Tour for Diversity in Medicine

A Personal Story: First Know Who You are and Then Adorn Accordingly

Those of you who joined us for the inaugural tour, heard repeatedly “know you are”, “make sure can tell your story”, “have the medical school believe in you.”  Some of you might have asked yourself, “um what does that mean?”  So for you and our new followers, I wanted to share my story.

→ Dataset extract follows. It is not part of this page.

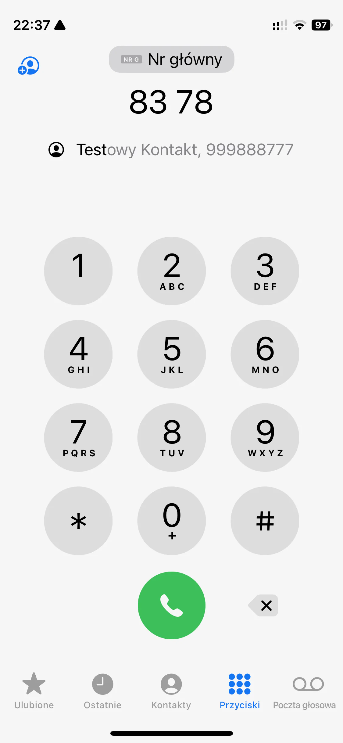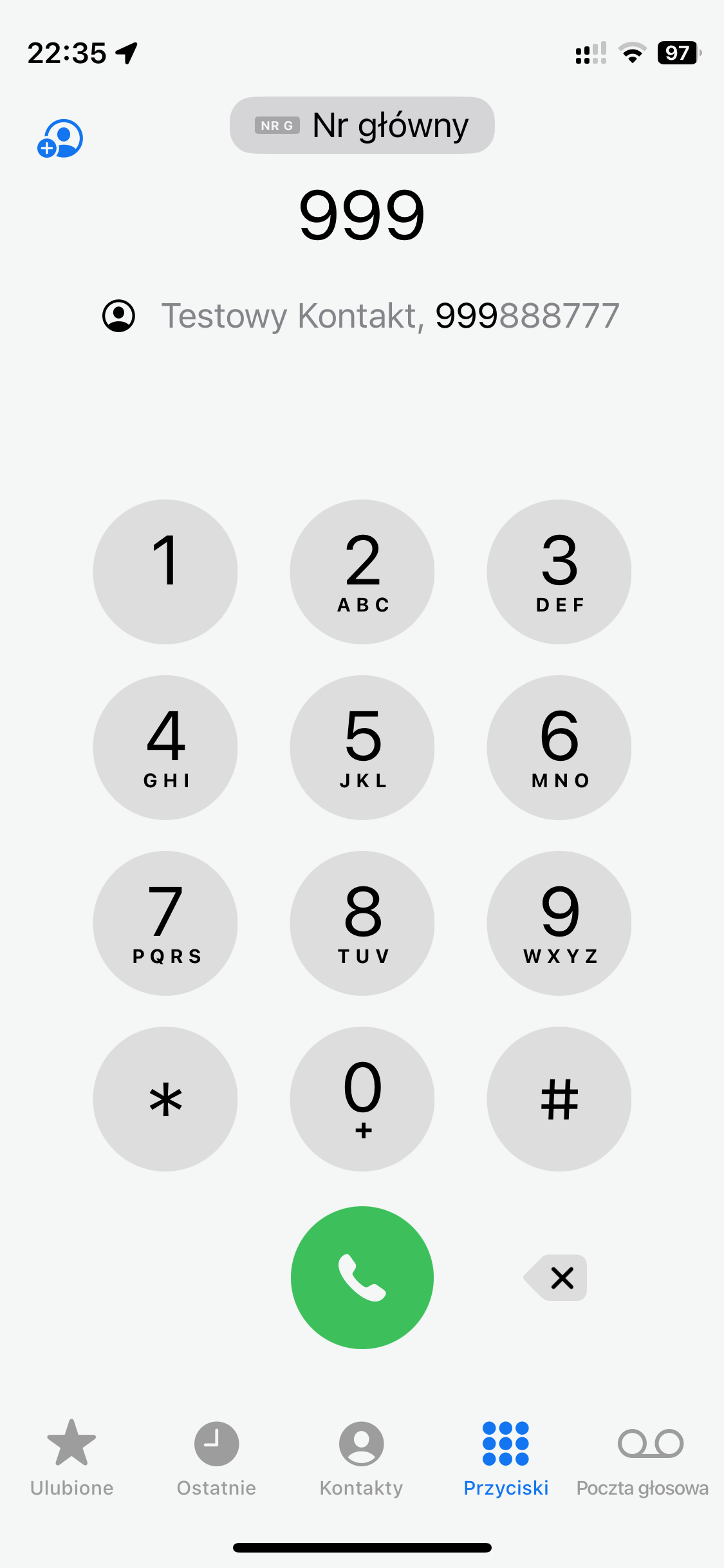 Aż trudno uwierzyć, że na tę funkcję trzeba było czekać kilkanaście lat! Możliwość znalezienia kontaktu na podstawie wpisanego numeru telefonu powinna była znaleźć się w iOS już dawno temu, ale lepiej późno niż wcale. Funkcja polega na tym, że gdy na ekranie dialera wpiszecie numer telefonu, odfiltrowane zostaną kontakty i wpis zawierający ten numer pojawi się jako podpowiedź. Przykładowo, mając zdefiniowany numer 999 888 777 jako „Testowy Kontakt”, zobaczę jego nazwę, gdy wybiorę 999. Co więcej, ten sam kontakt zostanie odnaleziony jeśli na klawiaturze wpiszę 8378, co odpowiada literom TEST.

The title of this piece, pretty much sums up want I want to say, so if you’ve got an organic test tomorrow, please free to go back to studying, but for those with a little more time to spare, I’ll expand.  I was one of those students who always wanted to be a doctor—I say always but that’s probably because it’s the one that stuck—admittedly I did have aspirations of being a  professional ice skater, and broadway star, but quickly my lack of athletic prowess and natural down deafness ruled those out. Early on, I shared this with a prominent doctor in my life—my pediatrician who was actually the only doctor in my life—and was lucky to have him take an interest in me.  This turned into shadowing opportunities and several in depth conversations that made me answer the question, who are you?  At that point, I thought I was just a high school student being raised by a single mom who wanted to be a doctor.  However, in college I was able to further elucidate this.

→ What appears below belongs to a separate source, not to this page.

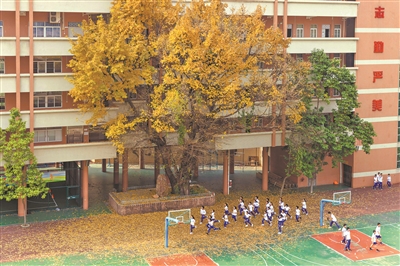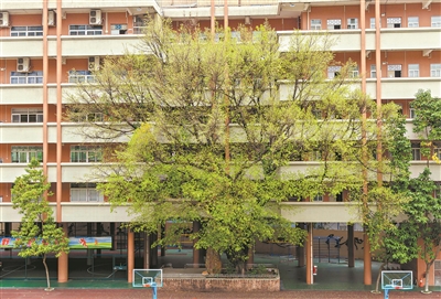 操場邊的大葉榕,春來葉子轉(zhuǎn)色,滿目金黃;又在幾日之內(nèi)褪去一身“金衣”,生發(fā)出嫩黃細(xì)葉,繼而綻放出一樹青翠。年年歲歲,周而復(fù)始……這便是廣州市第十六中學(xué)一代代學(xué)子的集體記憶了。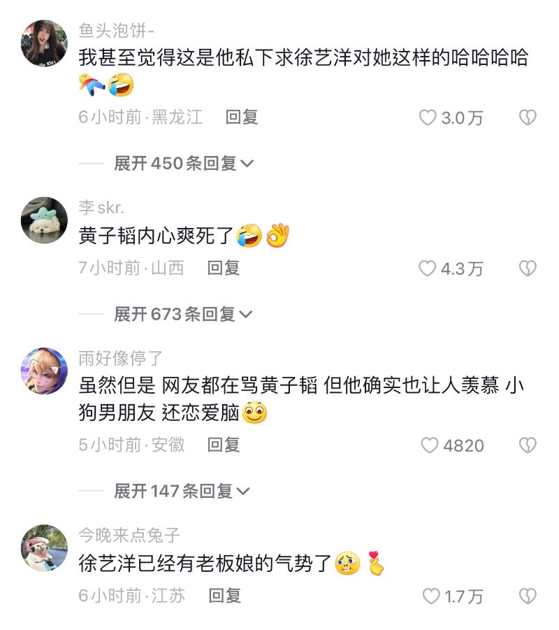 沒想到在其他嘉賓面前公開之後的兩人,真的是肆無忌憚在狂秀恩愛啊!來看看,節目中AK叫徐藝洋「徐徐」,結果就被黃子韜直面投訴,不允許Ak叫徐藝洋「徐徐」,直言「很惡心」👇

As a freshman, I took basically every opportunity to be engaged that came my way.  Truly sometimes they didn’t make sense but they interested me.  I didn’t realize at that time but this was part of me developing who I was/would be.  I participated in the premedical activities but also many that political science and law folks did. I even ended up as chairman of our judicial board—a role that had been “strictly” for pre-law folks for sometime.    Each experience I had gave me the opportunity to learn something new and helped me become a more engaged and proactive individual.  Many may not have realized that there was a method to my madness. I wasn’t in college just to make myself a good pre-med student—I was in college to make myself the person and doctor I could be.

As I was preparing for medical school application, I returned to the question of “who am I” for my personal statement, but the biggest test for my answer to this came from my pre-med advisor.  As part of the interview to prepare our summary recommendation letter, she asked me bluntly “Do you really want to be a doctor or is this just the hardest thing you could figure out to do?  Your resume is so diverse and full of non-premed things.”  To this I answered: I don’t just want to be a pre-med student. I want to be a doctor and as doctor I am going to have to make hard decisions everyday—the judicial board has prepared me to be able to do that and do it wisely.  As a doctor, I won’t work only with doctors everyday, I’ll work with patients and my interactions with people from all my activities will prepare me to be able to interact with all types of patients.  My patients will be from all walks of life and learning to be of service to communities now will make me a better doctor.  I may start out as a pre-med student raised by a single mom in the suburbs of Texas, but I know that I will be a doctor and I will be a good doctor because I know where I’ve been, where I’m going and my experiences weren’t just for fun or to fill my resume, they have helped define me as a person.

She responded, “good answer.”  However, truly I could have probably just easily have said “I know who I am, and I have adorned accordingly.”